Cézanne’s taches; his angular, proto-Cubist forms; his thickly impastoed palette-knife work – all these underscore the materiality of his process, and the way that his building up of an image on canvas resonates with the building up of a physical space over time (as well as its later deconstruction, in the case of Bibémus, by human beings). But materiality comes into play in his palette, as well. As Elderfield and Ariel Kline write in the catalogue, “the red ocher hue [in the Bibémus paintings] is a reminder . . . that the rich red and ocher pigments that Cézanne used in his paintings of the areas likely derived in part from local sources. In this way, the material means as well as the subjects of such Bibémus paintings had local connotations.” The very earth was in the paintings; they were made of the same stuff – and so, as Cézanne and his friends discerned, to know and be involved in the study of one was to better understand the other.

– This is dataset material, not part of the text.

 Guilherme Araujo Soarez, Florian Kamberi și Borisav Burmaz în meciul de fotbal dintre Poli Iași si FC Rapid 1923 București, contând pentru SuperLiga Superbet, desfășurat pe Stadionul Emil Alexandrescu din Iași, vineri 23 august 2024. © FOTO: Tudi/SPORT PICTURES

The exhibition is organized roughly along these chronological, geographical lines: L’Estaque, Fontainebleau, and then Bibémus (those who can’t conceive of a Cézanne show without the Montagne Saint Victoire will be relieved to see it rise from the background of more than one Bibémus painting). The concluding section is devoted to the Château Noir, a rather mysterious, never-completed mansion constructed from Bibémus limestone. The grounds of the château were another favored childhood destination for the trois inséperables, not just for the house itself but also for the surrounding grottoes that were of the type where Marion would one day lead archaeological excavations. Cézanne rendered the rocky mouths of these caves in oil and watercolor, creating colors, shapes and effects that are both utterly convincing and otherworldly, compelling more than one scholar over the years to find in them the mythical creatures of Provence’s Roman past, or at least anthropomorphized representations of the unconscious.

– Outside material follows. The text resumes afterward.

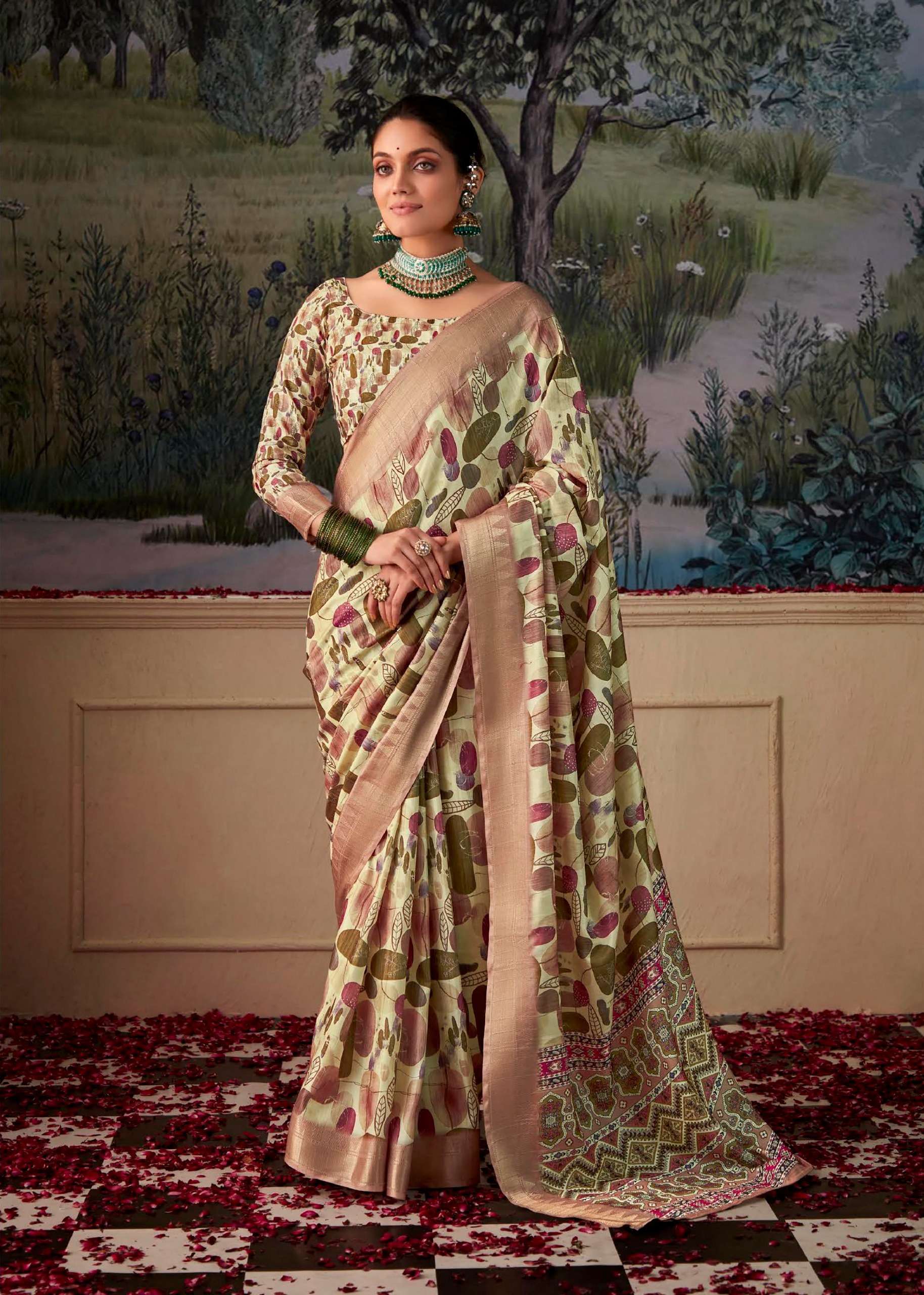 *Fabric: Art Silk with Beautiful Digital Print With Zari Border*

Cézanne, classically educated in Greek and Latin, would certainly have understood such allusions and recognized why viewers were eager to see them in his artwork – but it is unlikely that he set out to paint them as such. He thought of such tropes as belonging to literature and not the visual arts. “Yes, you have your metaphors, your comparisons,” he once argued to the writer Joachim Gasquet. “But for us, we have only our colors; what is visible.” Therefore, while “it would be foolish to imagine that Cézanne could not have seen a gigantic body in a rocky landscape,” Elderfield writes, “the point is that he could not permit himself to specify anything other than the rocks ‘as they are in nature.'” It is lucky, then, that for Cézanne, nature itself was not only science and structure but also myth and miracle, the observable here and now but also the whole history of time writ large, and that every work of art he created is a small attempt to document and honor that vast phenomenon.